Host eam? - Kannst du meinem Gedankengang geistig folgen? (Umgangssprachlich: Frage nach dem Erfolg beim Nasenbohren.)

Foigendes. - Warten Sie es ruhig ab, es kommt verlässlich.

Tschuidigen. - Nützen Sie die Gelegenheit, die erste ist auf gut Wienerisch zumeist die letzte Entschuldigung.

II: Soziales

I bin ka Sammarita. - Es liegt nicht an ihm zu helfen. Er hat es nämlich auch nicht leicht gehabt im Leben.

Wer spen't mir wos? - Gegenfrage auf die Frage, warum der Wiener nicht spendet.

Do konn a jeda kumman. - Gibt man einem etwas, wollen alle anderen auch etwas, also kriegt keiner etwas, dann kriegt jeder gleich viel.

Die moch'n eh, wos woin. - Definition für "Politiker".

Mir san net bei die Zigeina. - Es könnte einmal aufgeräumt werden.

Mir san net bei die Hottentotten. - Politisch korrekter für: Es könnte einmal aufgeräumt werden.

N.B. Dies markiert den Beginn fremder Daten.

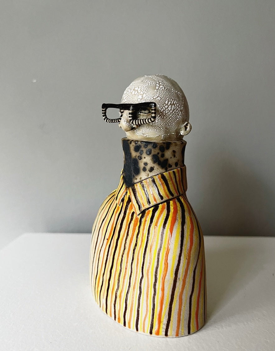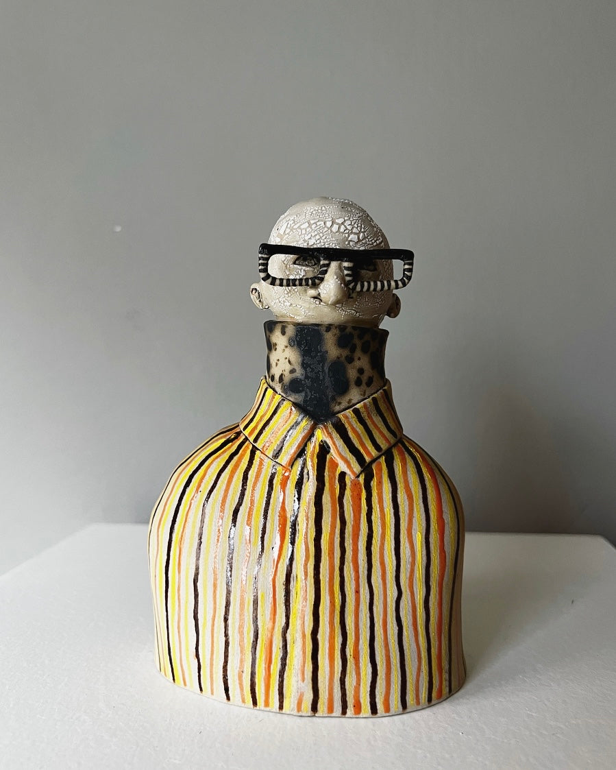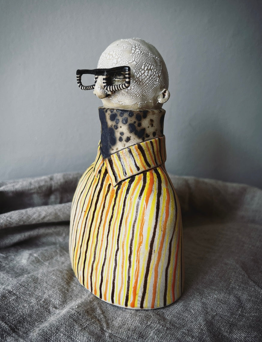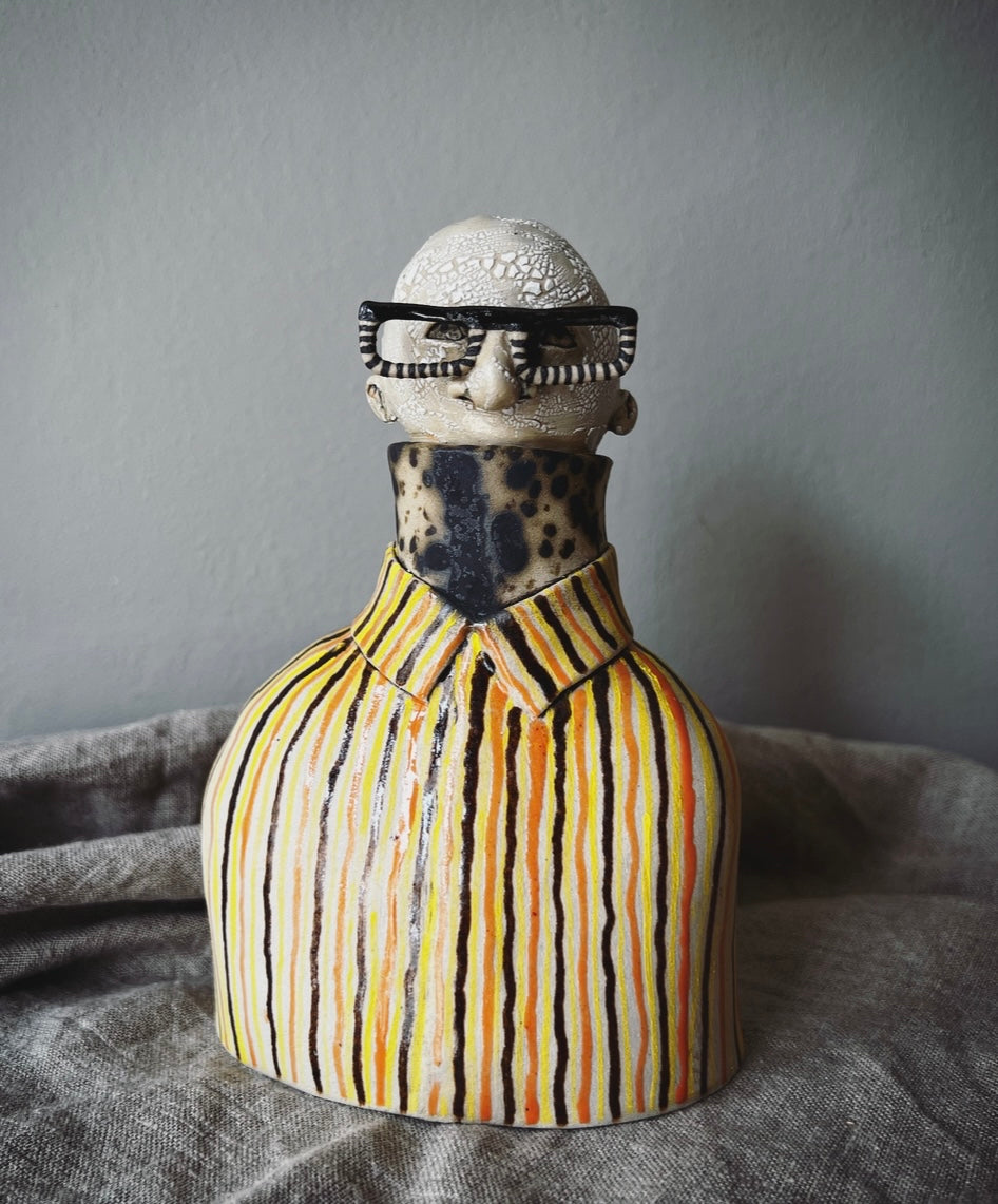 Svante bär kantiga glasögon med delvis randigt mönster, till det en brunflammig polo under en klassisk marimekkoskjorta i brunt, gult & orange.

Du waßt, von mir konnst ollas hom. - Den Zeitpunkt dafür behält sich der Wiener allerdings oft ein Leben lang vor.

III. Begrüßungen, Verabschiedungen

Tag zu wünschen. - Jemand aus Wien wünscht Ihnen einen angenehmen Tag.

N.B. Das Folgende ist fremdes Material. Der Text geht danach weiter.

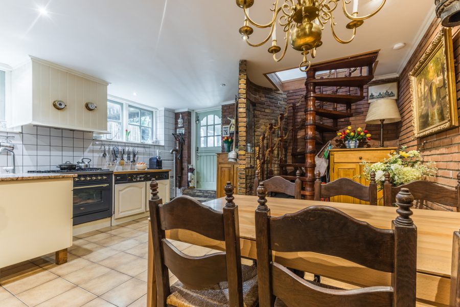 Via de fraaie houten trap bereiken we de zeer ruime woonkeuken. De verdieping is voorzien van een houtkachel en een fraaie, zeer ruime, goed geoutilleerde keuken. Ook is het hier comfortabel warm door de vloerverwarming. Via de woonkeuken bereik je de lichte tuinkamer met openslaande deuren en veel raampartijen en zicht op de groene, volgroeide tuin. Via deze tuinkamer is de compleet ingerichte, professionele, sauna/Turks stoombad bereikbaar. In de tuin staat een tuinhuis en nog een werkplaats, ideaal als hobbyruimte. Aan de keuken vast tref je een overdekt terras aan, waar je gezellig buiten kunt eten in de zomermaanden. Ook kun je hier relaxen in de hot tub. Je hebt hier optimale privacy! Dit gedeelte van de woning en de tuin is vanaf de dijk met een trap bereikbaar.
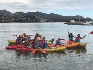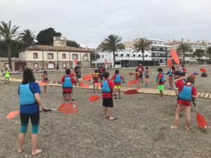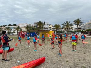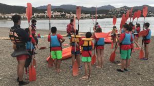 Ben dinat a les taules de fora de l’alberg, hem estat jugant fins que els monitors ens han vingut a buscar per anar a començar l’esperada activitat de la tarda: kaiac i jocs a la platja.
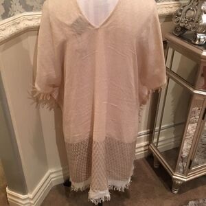 Caftan Cream & Sage w Fringe Drops Split Sides. Adorable Vince Camuto tunic! The long tunic is slightly See through so wear an undershirt. I only tried on. So cute just the shade of green is a lovely darker rustic sage than hue I thought. See house of harlow necklace, green scarf & jeans, sold separately styled w fringe booties!
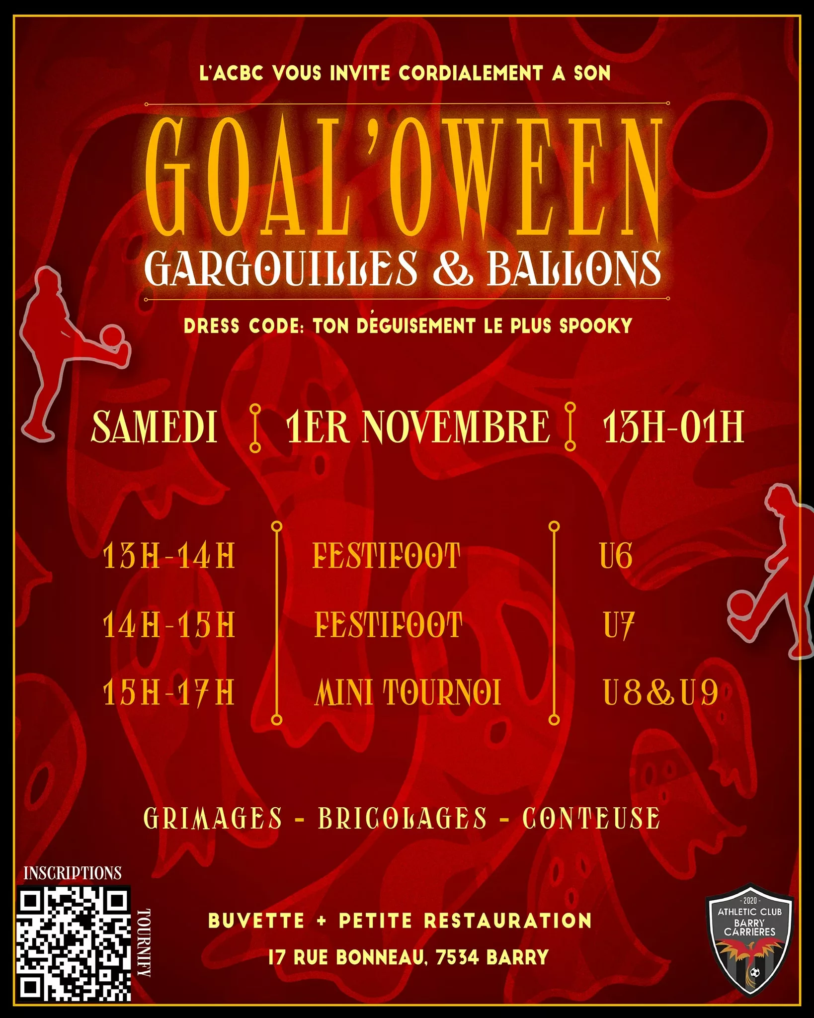Invitation Tournoi HalloweenU6 u7 u8 et u9Lien pour s'inscrire :www.tournify.fr/live/tournoihalloweenacbcLes enfants sont invités a venir déguisésMerci
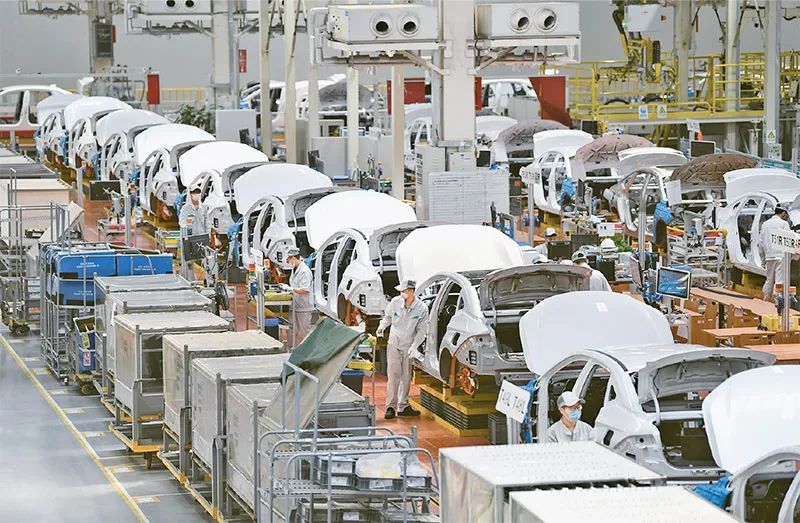 2023年4月12日,習(xí)近平總書記來到廣汽埃安新能源汽車股份有限公司考察。他走進(jìn)企業(yè)展廳、總裝車間、電池生產(chǎn)車間等,了解企業(yè)突破關(guān)鍵核心技術(shù)和推動制造業(yè)高端化、智能化、綠色化等進(jìn)展情況。圖為廣汽埃安新能源汽車股份有限公司總裝生產(chǎn)線。 新華社記者 鄧華/攝

Dere. - Jemandem aus Wien ist es eine Ehre, Ihnen einen angenehmen Tag zu wünschen. (Oft auch: Auf Wiedersehen. Manchmal auch: tschüs!)

Schleich di. - Wie "Dere", nur derber und ohne Ehre.

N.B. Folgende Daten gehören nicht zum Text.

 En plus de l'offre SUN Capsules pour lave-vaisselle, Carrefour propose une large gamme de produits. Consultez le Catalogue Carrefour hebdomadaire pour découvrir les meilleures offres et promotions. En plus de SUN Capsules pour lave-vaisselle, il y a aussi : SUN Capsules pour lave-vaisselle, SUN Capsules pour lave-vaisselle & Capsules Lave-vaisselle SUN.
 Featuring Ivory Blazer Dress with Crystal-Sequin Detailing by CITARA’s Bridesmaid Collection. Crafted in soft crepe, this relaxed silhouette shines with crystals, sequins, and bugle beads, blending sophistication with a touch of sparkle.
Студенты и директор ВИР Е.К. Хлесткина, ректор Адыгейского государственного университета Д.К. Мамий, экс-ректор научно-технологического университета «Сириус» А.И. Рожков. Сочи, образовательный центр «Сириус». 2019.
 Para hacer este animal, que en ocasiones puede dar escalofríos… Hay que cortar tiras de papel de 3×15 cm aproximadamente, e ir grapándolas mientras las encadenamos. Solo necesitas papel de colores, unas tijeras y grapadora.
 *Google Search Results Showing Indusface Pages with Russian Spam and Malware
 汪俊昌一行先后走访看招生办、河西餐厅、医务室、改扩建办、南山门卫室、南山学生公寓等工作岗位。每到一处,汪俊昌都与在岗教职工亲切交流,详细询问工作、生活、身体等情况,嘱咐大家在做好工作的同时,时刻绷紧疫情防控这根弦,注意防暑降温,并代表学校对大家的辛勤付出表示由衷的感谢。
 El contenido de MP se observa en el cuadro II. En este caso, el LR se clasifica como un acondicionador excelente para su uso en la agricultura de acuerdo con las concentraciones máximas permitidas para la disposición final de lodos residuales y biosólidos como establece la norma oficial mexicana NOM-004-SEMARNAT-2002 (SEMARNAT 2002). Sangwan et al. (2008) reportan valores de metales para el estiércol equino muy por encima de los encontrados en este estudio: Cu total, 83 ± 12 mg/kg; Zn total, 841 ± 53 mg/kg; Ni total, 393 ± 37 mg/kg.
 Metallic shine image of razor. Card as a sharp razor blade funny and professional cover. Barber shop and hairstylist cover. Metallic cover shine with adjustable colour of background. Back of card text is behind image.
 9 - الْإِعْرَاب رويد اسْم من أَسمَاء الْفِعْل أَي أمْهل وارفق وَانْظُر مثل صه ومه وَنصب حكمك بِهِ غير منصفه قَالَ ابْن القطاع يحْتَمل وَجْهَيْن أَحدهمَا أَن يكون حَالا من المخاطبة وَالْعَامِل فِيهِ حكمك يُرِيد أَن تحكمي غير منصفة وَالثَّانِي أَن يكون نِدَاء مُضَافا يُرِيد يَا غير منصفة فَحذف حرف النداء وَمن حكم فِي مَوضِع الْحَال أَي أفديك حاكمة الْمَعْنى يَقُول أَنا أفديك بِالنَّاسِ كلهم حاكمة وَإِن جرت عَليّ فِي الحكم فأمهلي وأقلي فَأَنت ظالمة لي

Geh schleich di. - Erzähle mir keine Lügengeschichte, verarsche mich nicht.

Sers. - "Hallo", "Servas", _"Pfiat di" und "Baba" für Jugendliche zwischen 15 und 25.

Grüß dich. - Der Wiener verhöhnt einen Schriftdeutschsprechenden.

IV. Bedrohliches

Wüst a Possbüdl vo mia? - Der Wiener fühlt sich beobachtet.

Zah ka Treansch'n! - Mache kein Gesicht wie sieben Tage Regenwetter, sonst (...)

Net deppat reden! - Am besten gar nichts mehr sagen, denn "deppat" (dämlich) liegt im Ermessen des Wieners.

Spü di net! - Nicht nur nicht deppat (dämlich) reden, sondern überhaupt keine Geste mehr setzen, bis sich die Lage beruhigt.

Alaa wonn i di scho siech, geri haas. - Der Wiener gesteht den visuellen Ausläufer eines grundsätzlichen Problems mit seinem Gegenüber ein.

Hoit's mi! - Da können Sie ihm nur noch anwesende, gute und kräftige Freunde wünschen.

V. Mentales

Samma si ehrlich. - Aber bitte jeder still für sich und keiner offen zum anderen.

Wie nehma man? - Der Wiener amüsiert sich über einen wankelmütigen oder ungeschickt tätigen Mitmenschen.

Nur net o'strafn. - Mit nichts in Berührung kommen, was _einem irgendwann einmal zum Nachteil gereichen könnte.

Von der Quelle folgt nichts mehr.